Eine Onboardaufnahme verschaffte wenig später Klarheit über die Situation. Mike Rockenfeller überholte ausgangs der Mulsanne-Kurve einen langsameren GTE-Ferrari, als er mit seinem rechten Hinterreifen den Grünstreifen erwischte. Das Fahrzeug geriet außer Kontrolle und der Deutsche landete in der Streckenbegrenzung und wurde kurz darauf ins Krankenhaus eingeliefert. Das Fahrzeug wurde dabei völlig zerstört. Für Audi wurde die Ausgangslage noch schwieriger: Ein verbliebener Wagen kämpfte allein gegen drei Peugeot, die in Schlagweite fuhren.
Ein Sprintrennen bis zum Schluss
Als der Morgen anbrach und die Sonne aufging, fanden sich Audi und Peugeot auf Augenhöhe wieder. Jede Runde wechselte die Führung und das Rennen entwickelte sich immer mehr zu einem Sprintrennen. Nach dem Boxenstopp ging zunächst der Peugeot #7 (Wurz/Davidson/Gené) vor der #9 (Bourdais/Pagenaut/Lamy) und dem verbliebenen Audi in Führung.
Doch nur wenig später fuhr Alex Wurz auf Höhe der Indianapoliskurve in die Streckbegrenzung und verlor drei Runden auf dem Weg zur Box. Mit nun zwei verblieben Fahrzeugen spitze sich der Kampf um den Gesamtsieg nochmals dramatisch zu. In den letzten Stunden fuhren alle Fahrer am Limit und versuchten das Beste aus der Situation herauszuholen.
So führten Tréluyer und später auch Lottere riskante Manöver beim Überholen der GT-Fahrzeuge durch, um einen minimalen Vorteil zu erhalten. Der Höhepunkt des Duells ereignete sich im letzten Boxenstopp eine Stunde vor Schluss. Während Lotterer frische Reifen und neuen Sprit für seinen R18 erhielt, so entschied sich das Peugeot-Team lediglich nachzutanken, um den Abstand von 9 Sekunden auf den Audi zu verkürzen.
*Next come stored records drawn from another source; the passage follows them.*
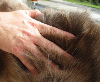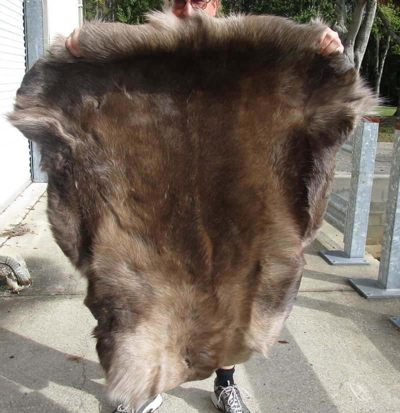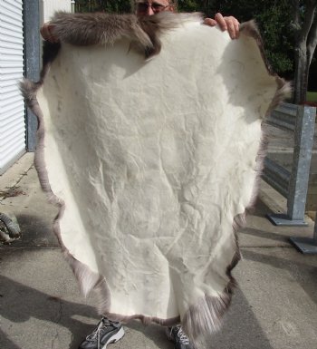 Nice Quality Reindeer hide, reindeer skin without legs imported from Finland, farm raised for food.  This hide measures approximately 46 inches long and 37 inches wide.  Review all photos. This reindeer fur without legs is professionally tanned and imported from Finland.  The legs have been trimmed off. This reindeer hide without legs is a natural and comfortable product and looks great as a wall decoration in a cabin or den, as furniture throws or decorative rugs but should not be walked or stepped on, to prevent shedding and breaking of the fur.  Reindeer skins and hides should be cleaned once a year with a standard vacuum on the lowest power.
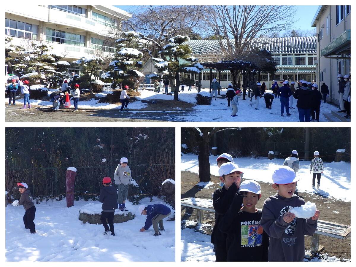 休み時間になると、子供たちは寒さを吹き飛ばすような歓声を上げ、一斉に校庭へ駆け出していきました。校庭のあちこちで雪ダルマ作りが始まり、雪合戦では学年を越えて元気いっぱいに走り回る姿が見られます。冬ならではの自然の恵みを全身で楽しみ、たくましく遊ぶ子供たちの姿がみられました。
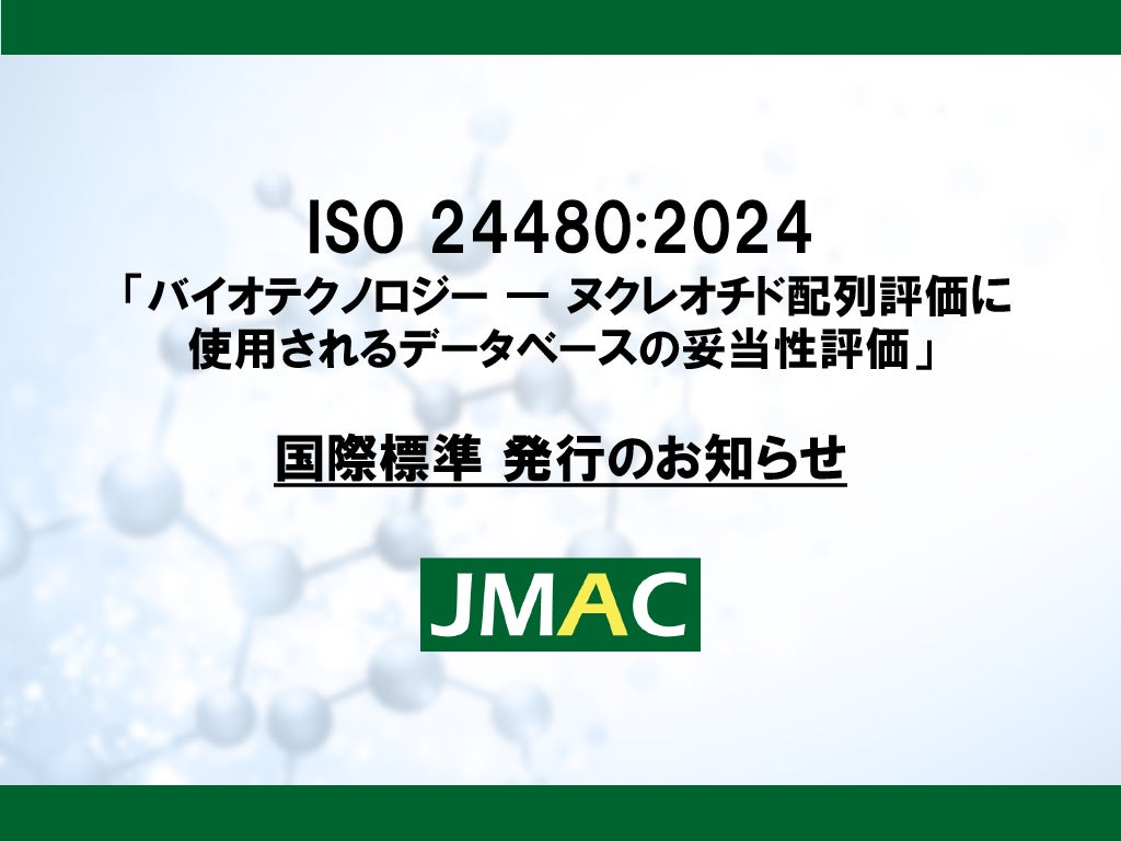 このたび、特定非営利活動法人バイオ計測技術コンソーシアム(以下JMAC)は、当コンソーシアムが中心となって開発した国際標準、ISO 24480:2024 「バイオテクノロジー — ヌクレオチド配列評価に使用されるデータベースの妥当性評価」が出版されたことをお知らせします。

Am Ende sollten es die frischeren Reifen sein, die das Rennen entscheiden sollten. Audi überquerte nach 24 Stunden als Erstes die Ziellinie und beendete damit eines der spannendsten Rennen der jüngeren Le Mans-Geschichte. Peugeot verpasste den Sieg nur knapp und sah die Zielflagge 13 Sekunde später.
Die Schlussphase der 24 Stunden von Le Mans 2011 war die engste Entscheidung beim Klassiker seit dem berühmten Rennen von 1969. Das Rennen hat gezeigt wie entscheiden der kleinste Fehler ist und welche Auswirkungen es auf das Ergebnis haben kann. Um zu gewinnen, braucht es auf solch einer langen Distanz mehr als nur Tempo, Strategie und Effizienz. Vor allem die Zuverlässigkeit, das richtige Material, Konzentration und ein Funken Glück sind nötig, um am Ende ganz oben zu stehen.